=== EXERCISE INPUT ===
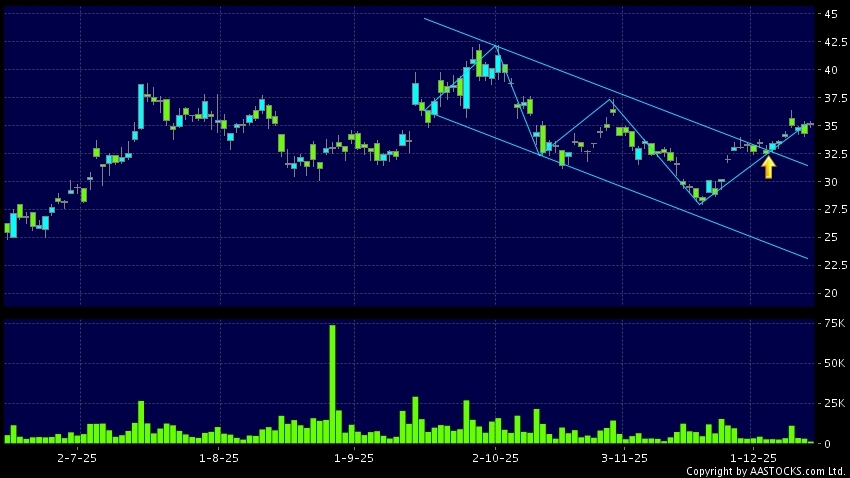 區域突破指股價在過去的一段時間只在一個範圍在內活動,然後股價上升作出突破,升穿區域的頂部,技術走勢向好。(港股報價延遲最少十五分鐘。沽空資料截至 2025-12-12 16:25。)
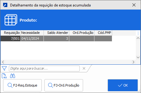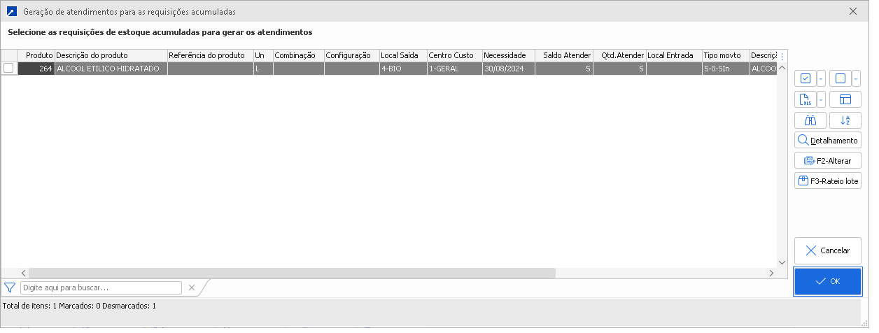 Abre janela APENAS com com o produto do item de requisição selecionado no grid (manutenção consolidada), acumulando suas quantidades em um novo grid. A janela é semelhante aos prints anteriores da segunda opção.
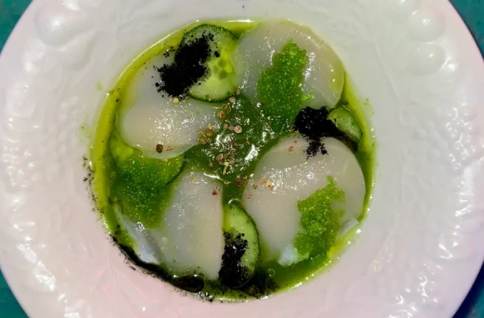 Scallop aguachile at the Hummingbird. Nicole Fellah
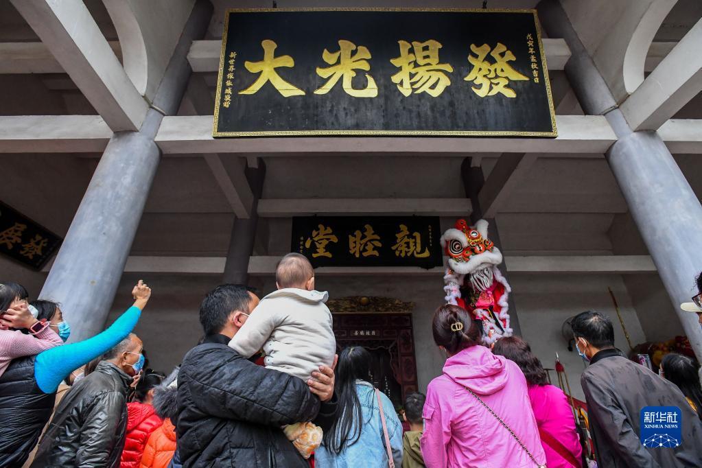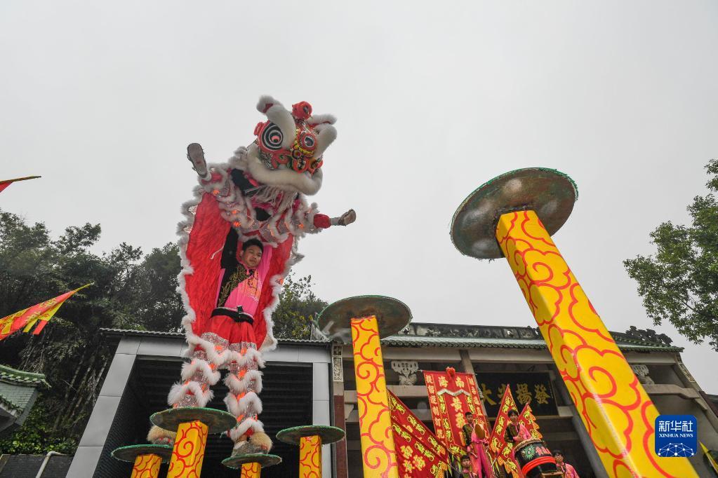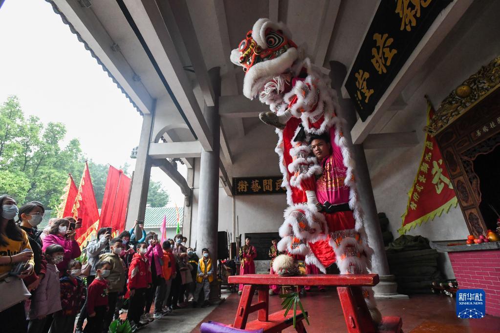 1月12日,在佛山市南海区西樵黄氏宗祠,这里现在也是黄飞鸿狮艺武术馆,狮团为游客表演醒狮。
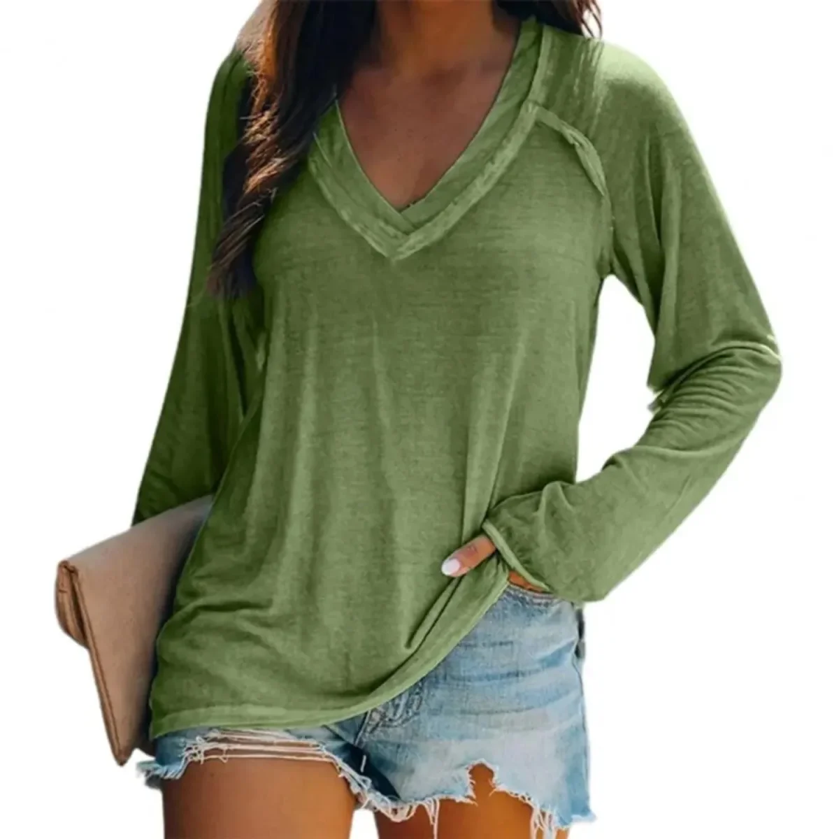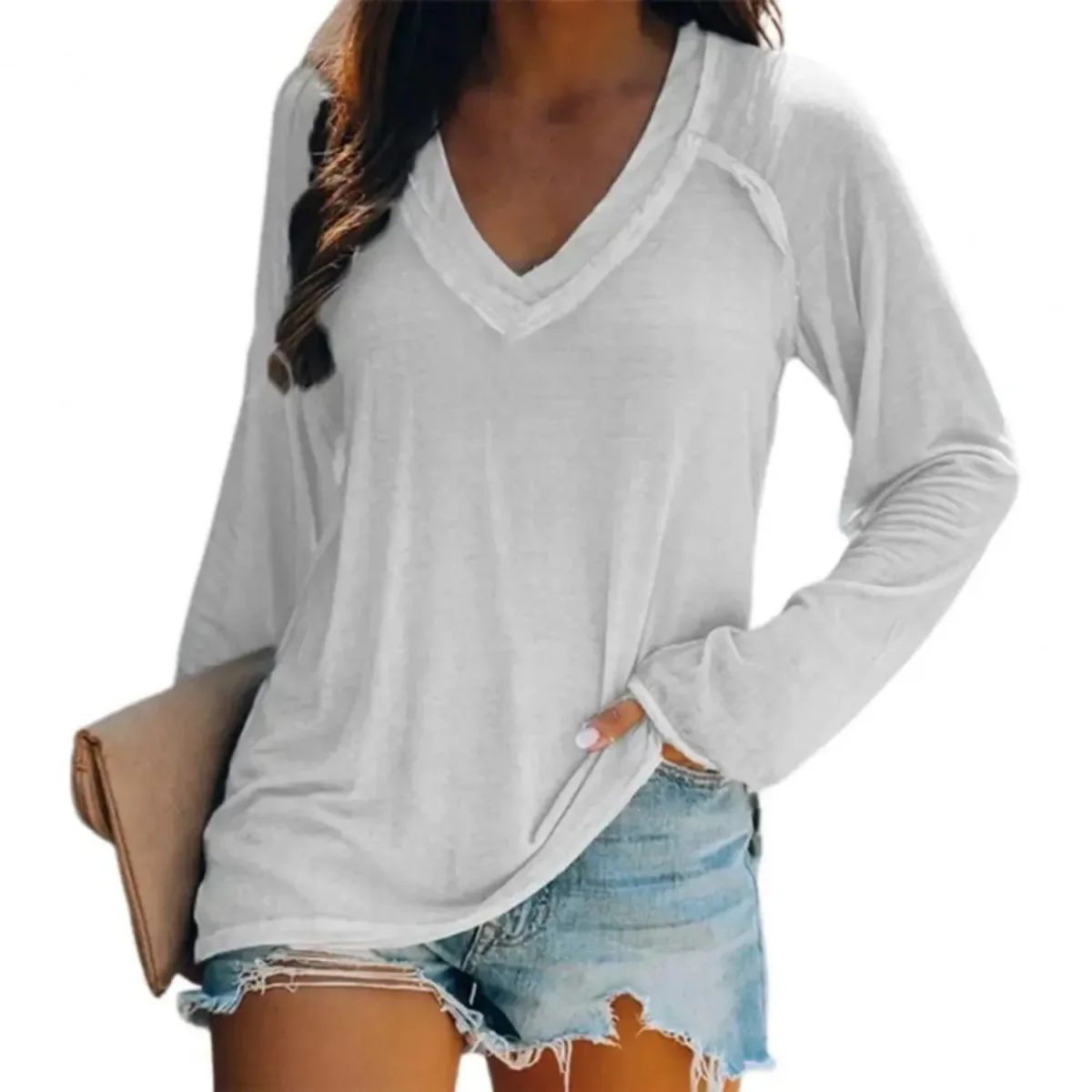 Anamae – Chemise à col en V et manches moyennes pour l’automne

=== ASSIGNMENT ===
Set down word for word each line from the one containing "1月12日,在佛山市南海区西" through the end of the material, and keep the pictures out of it.

=== ANSWER BOX ===
 1月12日,在佛山市南海区西樵黄氏宗祠,这里现在也是黄飞鸿狮艺武术馆,狮团为游客表演醒狮。
 Anamae – Chemise à col en V et manches moyennes pour l’automne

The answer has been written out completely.